Брак чем-то схож с металлоконструкций. Малюсенькое пятнышко ржавчины при неправильной эксплуатации может разрастись как вширь, так и в глубину, сломав весь механизм. Даже если тщательно закрашивать, даже если делать вид, что металл по-прежнему прочен. А таких пятнышек благодаря стараниям Тунгусова вскоре стало слишком много, так что проще выкинуть ржавую железяку на свалку, чем пытаться отчистить накопившиеся обиды.
Возможно, – и Тоня почти в это верила, – муж не пытался нарочно задеть ее подобными разговорами о прошлом. Да, она не родилась в богатой семье бывших партийных работников, как некоторые. Не заканчивала институтов и курсов бизнес управления. Но даже будучи официанткой в придорожной кафешке на окраине села, она не позволяла себе того, в чем теперь ее так огульно обвинял Тимофей. А быть вежливой и приветливой с клиентами еще никому не возбранялось. Но почему-то Тунгусов упрямо повторял: «Перестань, уже забыла, что в своей деревне делала?» Ничего, ничего она не делала такого, чтобы ее кости теперь перемывали всякие секретарши и мальчики на побегушках.
На десятом году совместной жизни ни охапки цветов, ни запоздалые извинения уже не могли исправить нанесенного вреда. Металл изъела коррозия, а Тонина душа, наоборот, оделась в непробиваемую броню. Веселость превратилась в цинизм, живость ума в умение везде найти свою выгоду. Цирковая собачка научилась делать трюки, и однажды укусила своего дурака-дрессировщика. Теперь они с мужем разговаривали на одном языке, только вот говорить стало совсем не о чем.
– Только через мой труп, – повторил Тимофей, отшвыривая копию заявления. – Я слишком много в тебя вложил, чтобы просто так отпустить.
– Ах, вот она в чем – истинная причина! – расхохоталась Шаталова своим вызывающим грудным смехом. – Серьезно, Тунгусов, я уж было поверила, что ты у меня настоящий романтик. Хвала небесам, пронесло!

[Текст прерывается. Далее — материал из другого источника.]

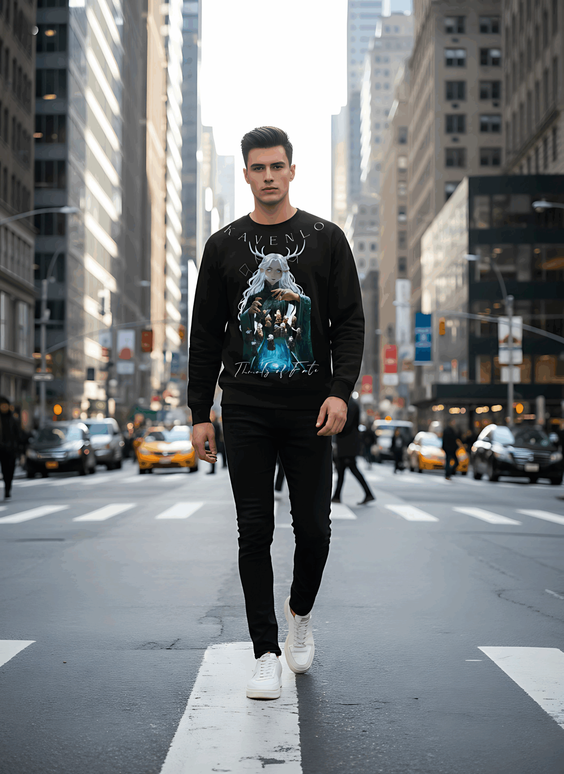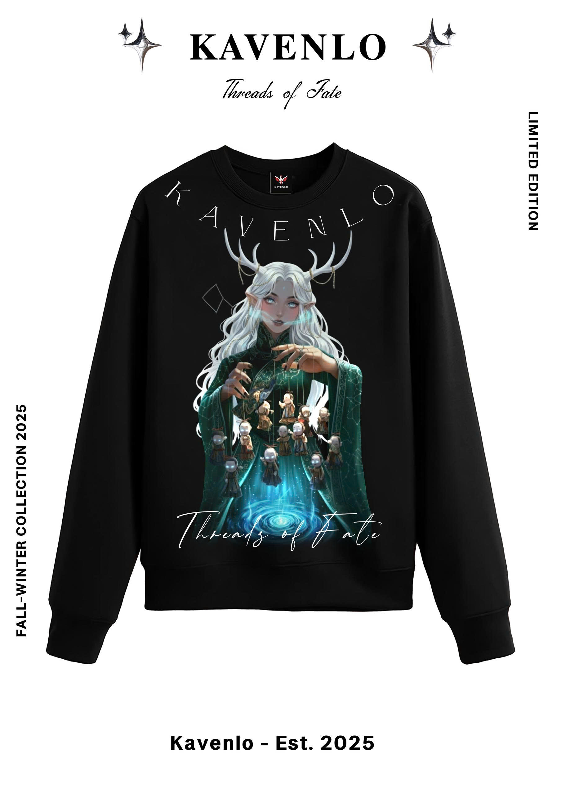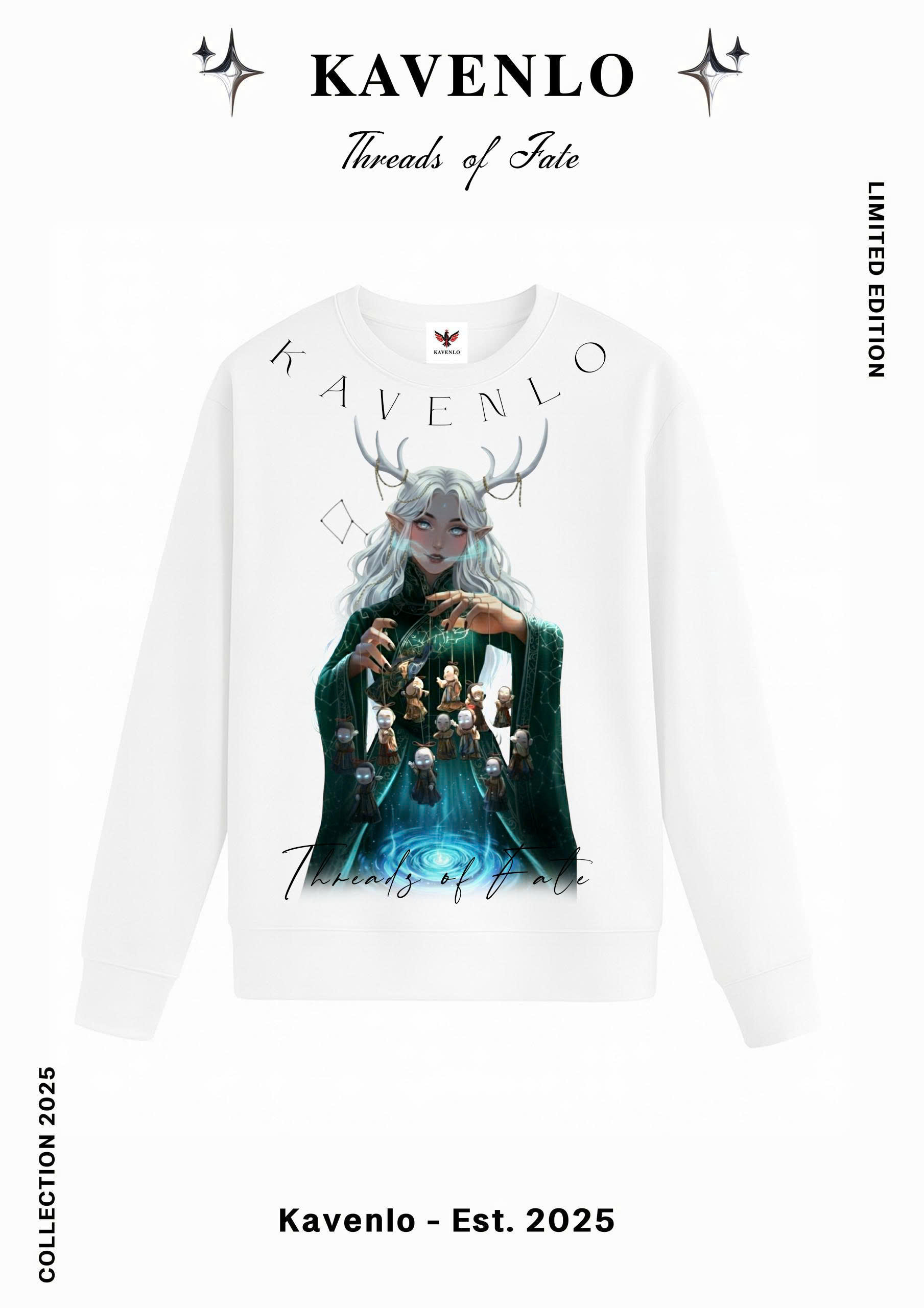 Lấy cảm hứng từ truyền thuyết về những sợi chỉ định mệnh, Threads of Fate khắc họa hình ảnh nữ thần điều khiển vận mệnh – người dệt nên từng đường chỉ của số phận. Mái tóc bạch kim, đôi mắt ánh xanh và vòng xoáy năng lượng tượng trưng cho sự kết nối giữa con người và vũ trụ. Thiết kế truyền tải thông điệp “We weave our own destiny” – mỗi người đều là kẻ nắm giữ sợi chỉ cuộc đời mình

– Смеешься? Тебе смешно, а мне, между прочим, плакать хочется. Только попробуй пойти с этой бумажкой в ЗАГС, я подам на тебя в суд, поняла?

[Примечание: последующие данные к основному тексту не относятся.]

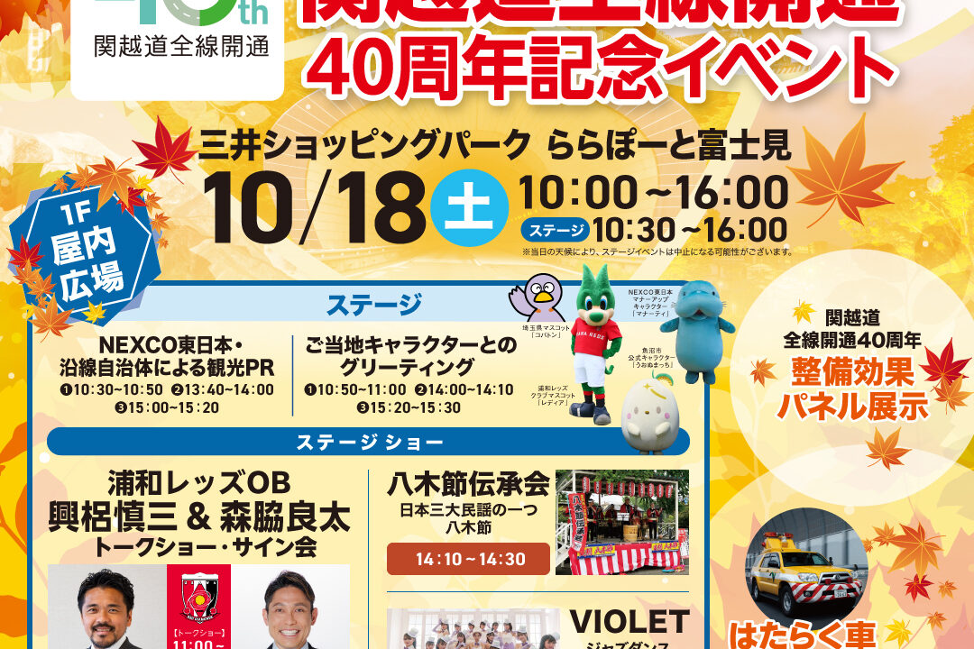NEXCO東日本 関越道全線開通40周年記念イベントは10月18日の開催となります。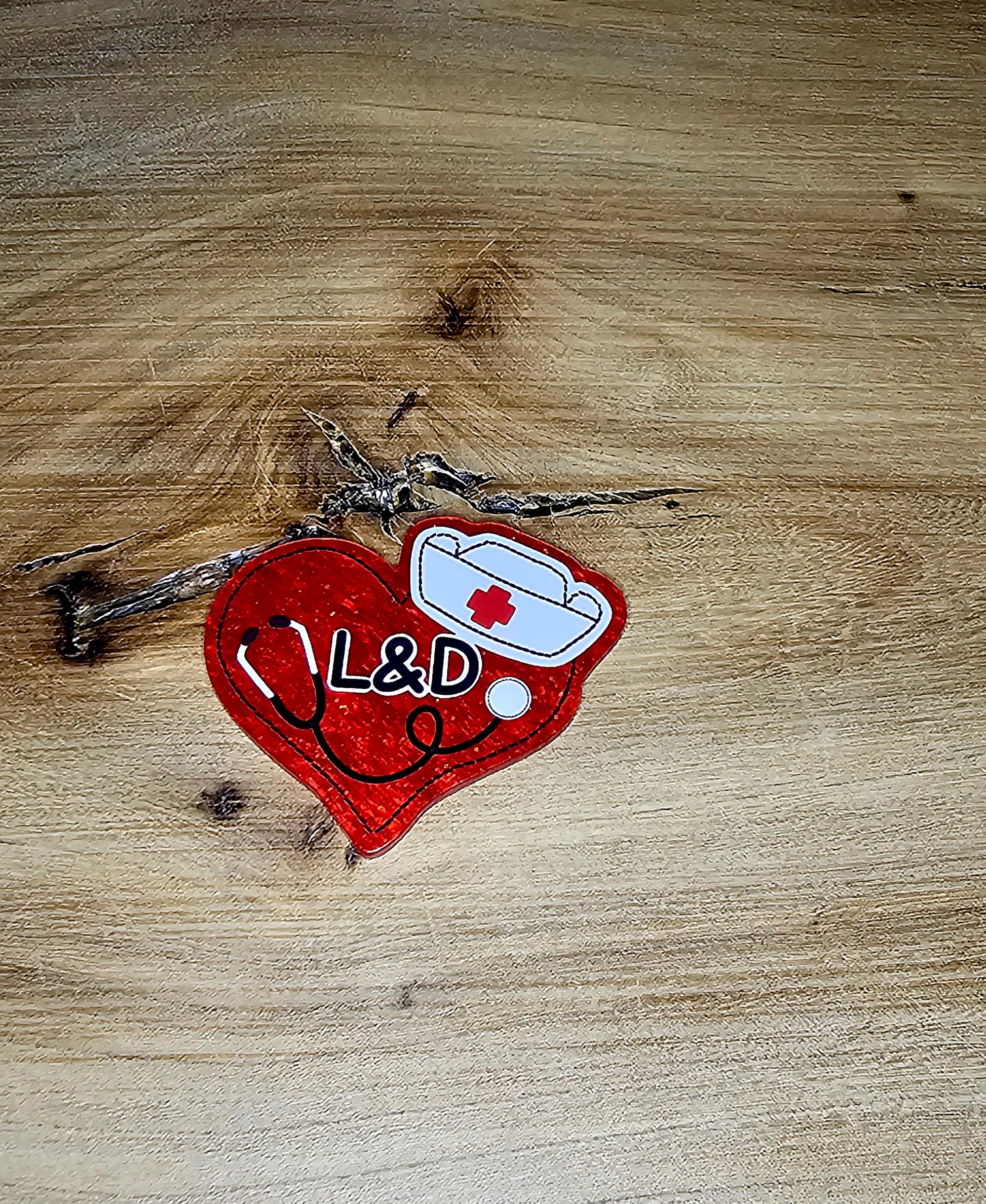 Add a touch of whimsy (and some bling) to your badge reel with this L&D Nurse Flatback. Featuring a sparkly red heart, nurse hat, and stethoscope, attach it to any badge reel for a playful addition to your work uniform. Perfect for nurses who love a little flair!

– За что? – искренне удивилась женщина.
– Придумаю… это не сложно. А с моими юристами и моими связями ты легко окажешься на пару-тройку лет за решеткой.
– Угрожаешь?
– Пока – предупреждаю. Тоня, дважды, нет, трижды подумай, прежде чем совершишь подобную глупость. Неужели не понимаешь: я все для тебя сделаю? Чего тебе не хватает? Хочешь, переведу в другой отдел? Хочешь, завтра же закажу билеты, и мы с тобой отправимся, скажем… во Францию? Париж, устрицы…

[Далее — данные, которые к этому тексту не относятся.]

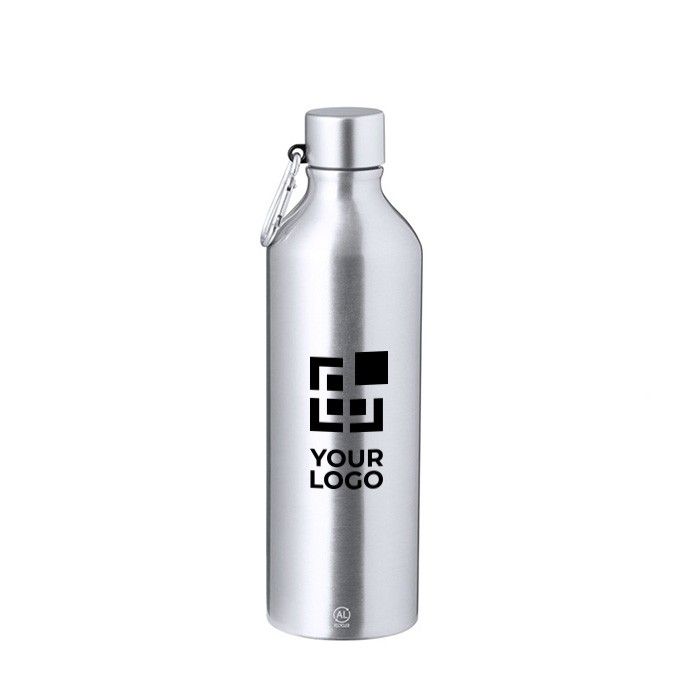 Bidón de aluminio reciclado de 800 ml con mosquetón para un transporte fácil y seguro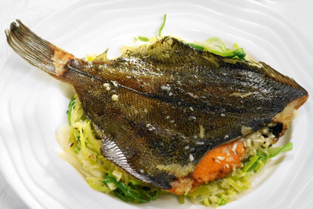 Печеная камбала с капустой и пореем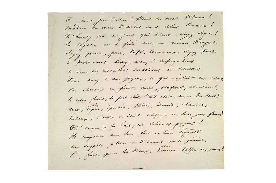 Ô jeunes gens! poème autographe 16 vers sur une page in-8 oblong.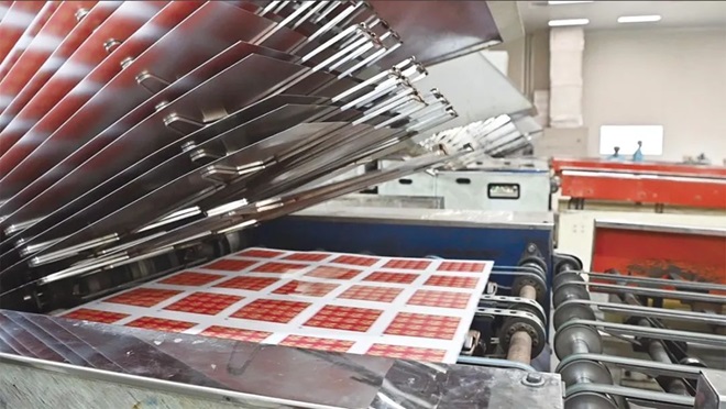 2024年1月15日,廣東東莞的“蟬翼鋼”製龍年生肖郵票的印刷現場,這裏正進行著彩印的最後一道工序——塗保護油。“這版印刷的油墨有些不均勻,是不是底板位置偏移了?”來自首鋼京唐的研發人員拿著新鮮“出爐”的鋼製郵票,將樣品的圖案、顏色、大小同設計參數反複比對,協助該印刷廠解決了重影、油墨不均等問題,確保用“蟬翼鋼”製作的龍年生肖郵票如期發行。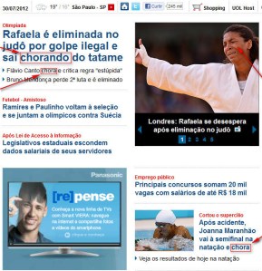 A CAPA do UOL de hoje às 09:28 indicava o choro de duas atletas brasileiras, uma delas com a foto das próprias lágrimas. Uma chorava pela derrota (Rafaela) e outra chorava pela vitória (Joanna). O técnico também chorava. Praticamente um enterro!

– Думаешь, я так примитивно мыслю? – прервала его излияния Шаталова. – Хорошо. Заявление пока останется у меня. Я никуда не пойду. Не потому что испугалась. Нет. Просто дам тебе время свыкнуться с тем, что милая, послушная женушка больше не желает плясать под твою дудку. А пока ты придумываешь новые угрозы и советуешься со своими дружками-адвокатами, я пару месяцев поживу отдельно. Надеюсь, тебе хватит времени?